May 17th, 2007 | Published in Google Custom Search
If you've created a Custom Search Engine you've likely encountered the term 'URL patterns': the method for specifying sites and pages to include in a search engine. You can create a Custom Search Engine without ever giving URL patterns much thought, but there's added control that comes with understanding how they work and how best to use them. To that end, here are a few tips on creating useful URL patterns.
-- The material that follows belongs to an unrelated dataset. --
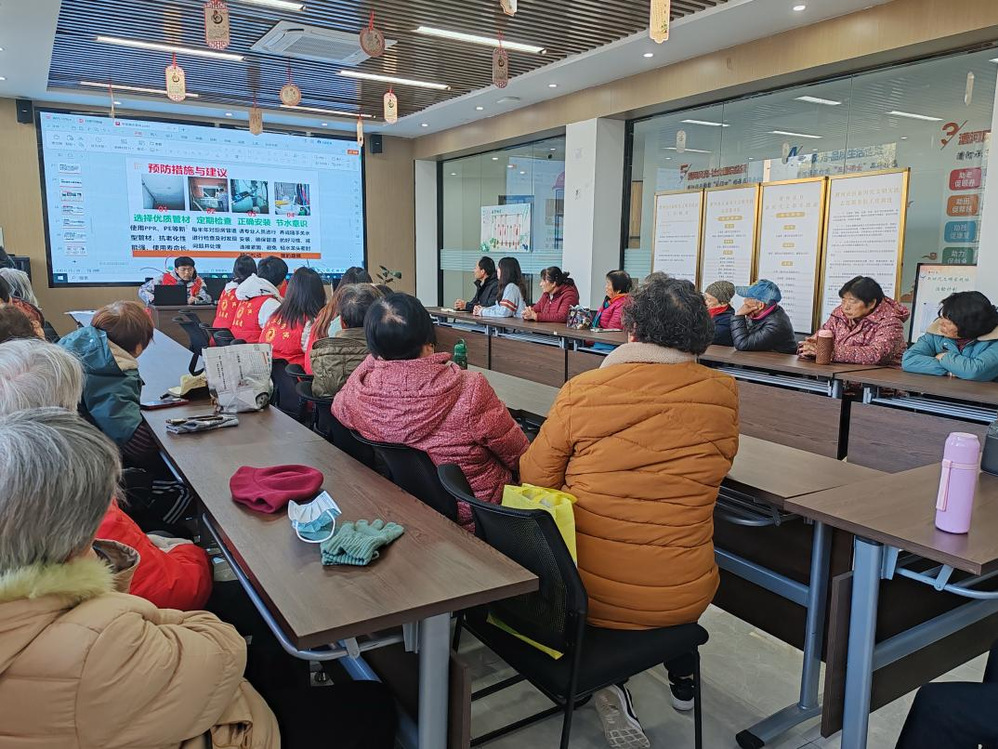学生志愿者团队结合所学专业知识,分工合作,由相关专业老师审核完善宣讲内容,制作幻灯片等宣讲材料。朱诗文同学就“房屋漏水检测”相关问题为社区居民进行了详细科普;徐李祥同学则根据漏水问题的不同情况给出了预防建议与维护要点;陈正洲同学利用一则“装修前的防水工作”相关视频,具体讲解了厨房防水层的做法,以及地漏、泄水坡、门槛石的作用等。

The simplest type of pattern is the URL of a specific page. You can use an asterisk (or star, in techie vernacular) as a wild card in your pattern to specify a swath of URLs by identifying their common characters. Here's how it works: rather than add each page of www.site.com to your search engine, you can merely add www.site.com/* and we will include every URL that begins with www.site.com. Similarly, rather than individually adding each subdomain of site.com, you can use the star to include them all: *.site.com will apply to www.site.com, server.site.com, etc.
Because most users adding sites to their search engines expect the subpages to be included, we've made the addition of the star the default behavior. This is what we mean in the Sites tab of the control panel when we say 'Include all pages whose address contains this URL.' If you leave that option selected, we will add a star to the end of whatever URL you provide. Additionally, if your URL is just a domain (like site.com/), not including a sub-domain (like www.site.com/ or server.site.com/), we will add a star at the beginning. This means:
- site.com/ becomes *.site.com/*
- server.foo.com/ becomes server.foo.com/*
- othersite.co.uk/ becomes *.othersite.co.uk/* (yep, we handle two level top-level domains correctly)
If you'd like to control exactly where stars get added, you can select 'Include just the specific page or URL pattern I have entered.'
Another way to use patterns is to identify and distill common characters among a set of pages you'd like to include in your index. For example, if I know that all car review pages on my favorite consumer reviews site contain the words 'car' and 'reviews' in the URL, I can create the pattern www.reviewsite.com/*reviews*cars and include these pages. (I just need to be careful that only the pages I want contain these terms, or I may include more than I bargained for.) These types of patterns are especially useful when creating search refinements.
There is also one more application of the star, which is before a top-level domain like .edu or .ca. One use of this pattern is for when you'd like to refine a search by country: for example, you can create a pattern like *.ca and refine your search to Canadian web sites only. That said, you cannot otherwise insert a star into the second-level domain, such as www.*.com or www.dogs*.com. For a few more concrete examples of URL patterns check out our documentation.
The careful creation of URL patterns allows you greater control over the content of your Custom Search Engines, and can be particularly helpful when breaking up a site's content for refinements. Patterns may also help reduce the overall number of sites in your Custom Search Engine account, so look for redundant URLs that can be included more economically by the use of, shall we say, a little star power.